• [Aim of the task]: Each entry should be restated word for word, with all pictures left out.

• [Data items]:
____
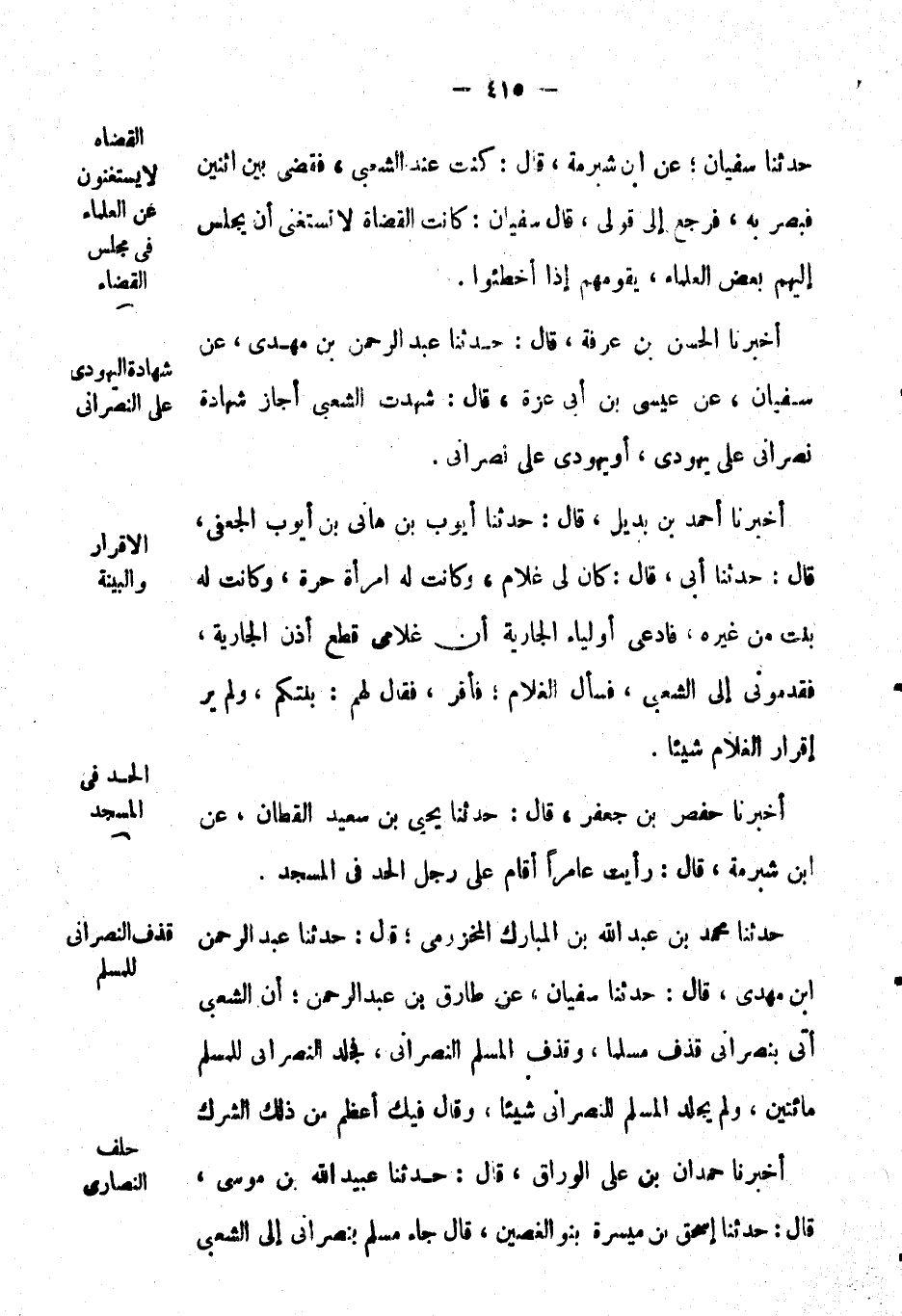 حَدَّثَنَا مُحَمَّد بْن عَبْد اللهِ بْن المبارك المخزومي؛ قال: حَدَّثَنَا عَبْدُ الرحمن ابن مهدي، قال: حَدَّثَنَا سُفْيَان، عَن طارق بْن عَبْد الرحمن؛ أن الشعبي أتى بنصراني قذف مسلماً، وقذف المسلم النصراني، فجلد النصراني للمسلم مائتين، ولم يجلد المسلم للنصراني شيئاً، وقَالَ: فيك أعظم من ذلك الشرك.
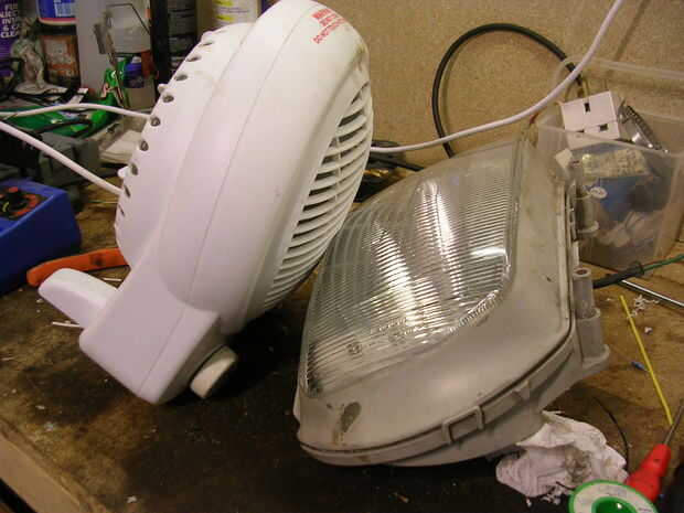 Asegúrese de que no hay es residuos dentro de la unidad y coloque el vaso de vuelta sobre el plástico hacia atrás. les aprete entonces coloque el calentador de ventilador en el vidrio. Coloqué la unidad sobre su parte posterior y punta el calentador sobre él, así que gravedad ayudará ponerlos detrás juntos. Deje que ellos calientan durante 15 minutos y luego con guantes exprimir ellos juntos otra vez el pegamento será fácilmente cementar.
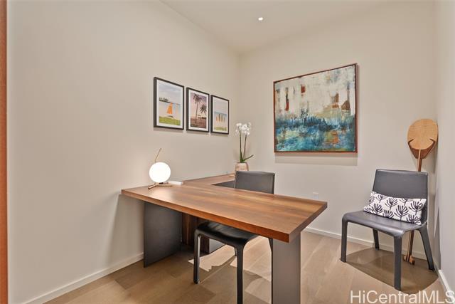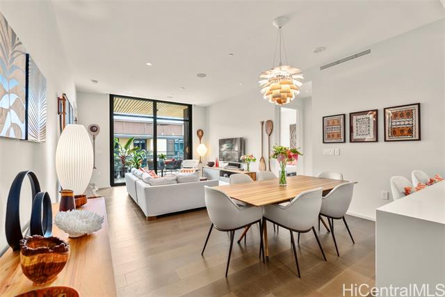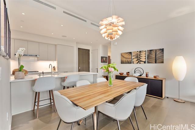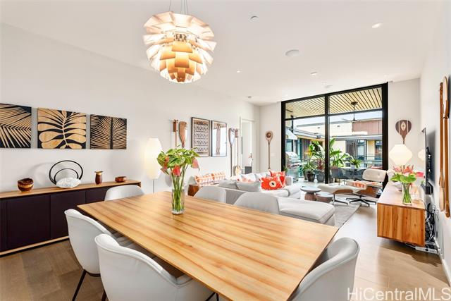 - Located on the coveted 8th floor of the prestigious Park Lane Ala Moana, this refined 2-bdrm, 2-bath Courtyard Residence with a den offers an exceptional blend of island luxury and exclusivity. Tastefully furnished, the home is curated with world-class design elements, highlighted by an exclusive Swiss-made dining table by Zoom by Mobimex, Louis Poulsen’s iconic Artichoke pendent and many more, setting a sophisticated tone for both everyday living and elegant entertaining. Soaring ceilings and top-floor positioning enhance the sense of openness and tranquility, while the versatile den provides the perfect space for a home office, or media lounge. Ideally located across from Ala Moana Beach Park and steps from shopping & dining, Park Lane offers resort-style amenities including concierge services, fitness center, pool, spa, private theater, dining room, lush landscaped grounds, and more. A turnkey opportunity to own a meticulously designed and furnished home in one of Honolulu’s most sought-after addresses.
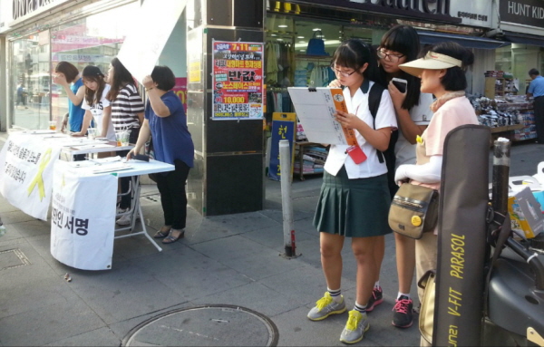 ▲ 안성의 중심거리에서 세월호 서명 받는 민숙기 보살님. 맨 오른쪽~~
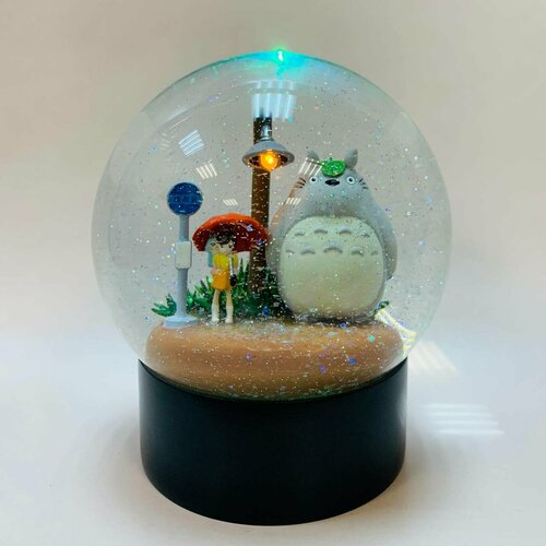 Небольшой и милый снежный шар по мотивам творчества Хаяо Миядзаки. Тоторо и его друзья стоят под дождем из блесток в теплом свете фонаря. Также шар оснащен переливающейся заполняющей фоновой подсветкой. Работает от батареек, диаметр 10 см.
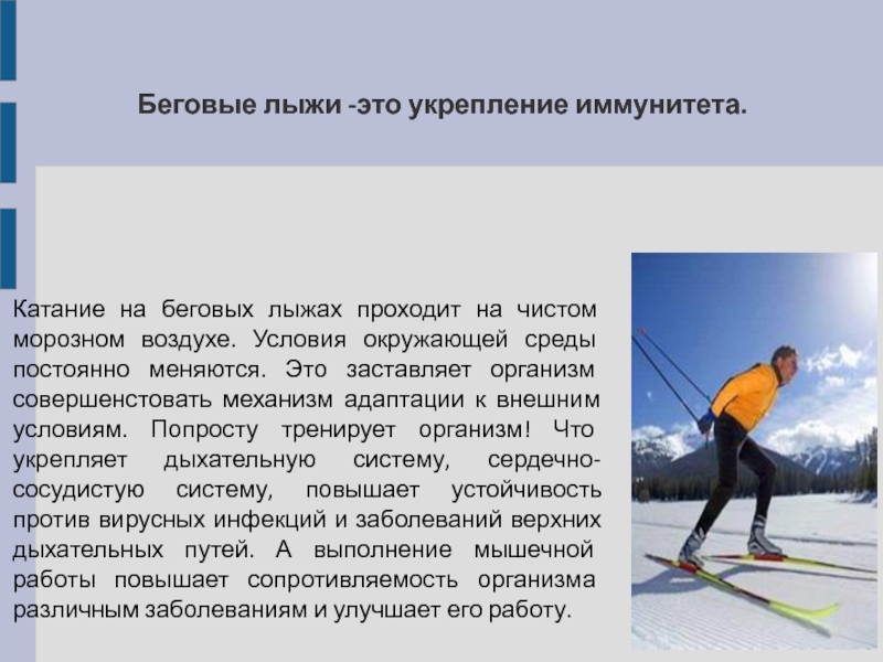 Слайд 5Беговые лыжи -это укрепление иммунитета.
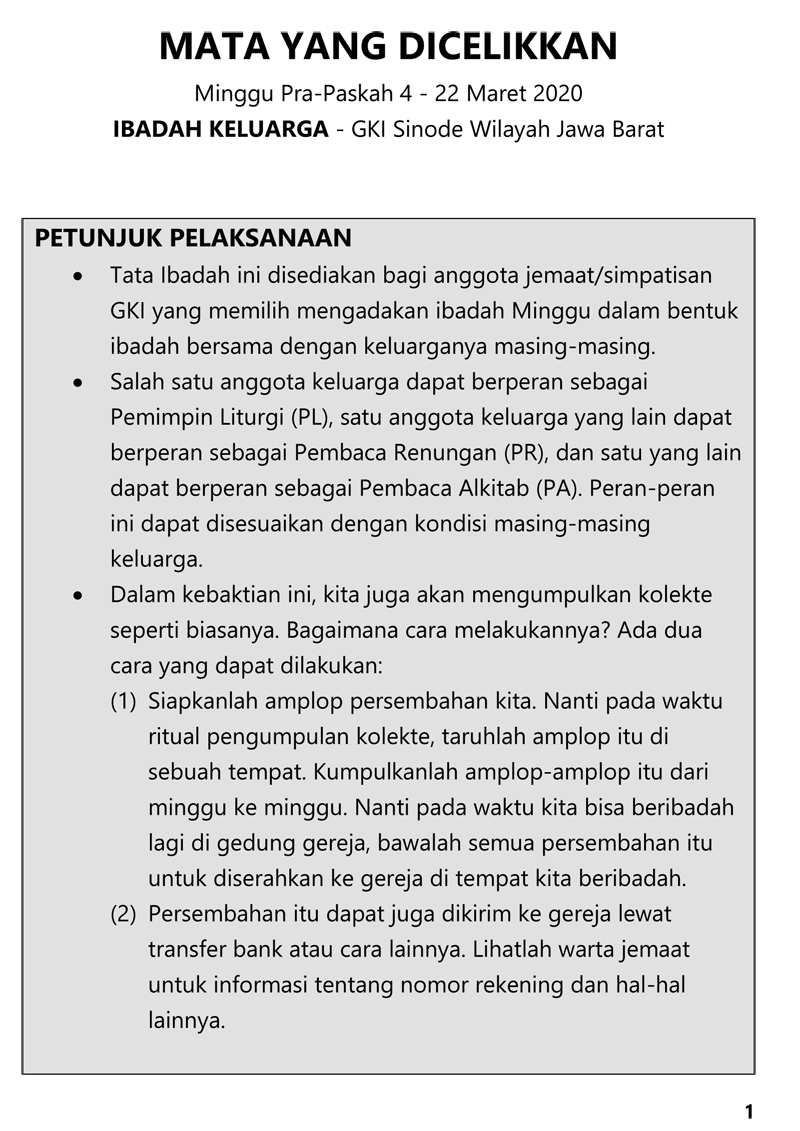 Liturgi Ibadah Keluarga Minggu 22 Maret 2020
____
• [Reply to the task]:
 حَدَّثَنَا مُحَمَّد بْن عَبْد اللهِ بْن المبارك المخزومي؛ قال: حَدَّثَنَا عَبْدُ الرحمن ابن مهدي، قال: حَدَّثَنَا سُفْيَان، عَن طارق بْن عَبْد الرحمن؛ أن الشعبي أتى بنصراني قذف مسلماً، وقذف المسلم النصراني، فجلد النصراني للمسلم مائتين، ولم يجلد المسلم للنصراني شيئاً، وقَالَ: فيك أعظم من ذلك الشرك.
 Asegúrese de que no hay es residuos dentro de la unidad y coloque el vaso de vuelta sobre el plástico hacia atrás. les aprete entonces coloque el calentador de ventilador en el vidrio. Coloqué la unidad sobre su parte posterior y punta el calentador sobre él, así que gravedad ayudará ponerlos detrás juntos. Deje que ellos calientan durante 15 minutos y luego con guantes exprimir ellos juntos otra vez el pegamento será fácilmente cementar.
 - Located on the coveted 8th floor of the prestigious Park Lane Ala Moana, this refined 2-bdrm, 2-bath Courtyard Residence with a den offers an exceptional blend of island luxury and exclusivity. Tastefully furnished, the home is curated with world-class design elements, highlighted by an exclusive Swiss-made dining table by Zoom by Mobimex, Louis Poulsen’s iconic Artichoke pendent and many more, setting a sophisticated tone for both everyday living and elegant entertaining. Soaring ceilings and top-floor positioning enhance the sense of openness and tranquility, while the versatile den provides the perfect space for a home office, or media lounge. Ideally located across from Ala Moana Beach Park and steps from shopping & dining, Park Lane offers resort-style amenities including concierge services, fitness center, pool, spa, private theater, dining room, lush landscaped grounds, and more. A turnkey opportunity to own a meticulously designed and furnished home in one of Honolulu’s most sought-after addresses.
 ▲ 안성의 중심거리에서 세월호 서명 받는 민숙기 보살님. 맨 오른쪽~~
 Небольшой и милый снежный шар по мотивам творчества Хаяо Миядзаки. Тоторо и его друзья стоят под дождем из блесток в теплом свете фонаря. Также шар оснащен переливающейся заполняющей фоновой подсветкой. Работает от батареек, диаметр 10 см.
 Слайд 5Беговые лыжи -это укрепление иммунитета.
 Liturgi Ibadah Keluarga Minggu 22 Maret 2020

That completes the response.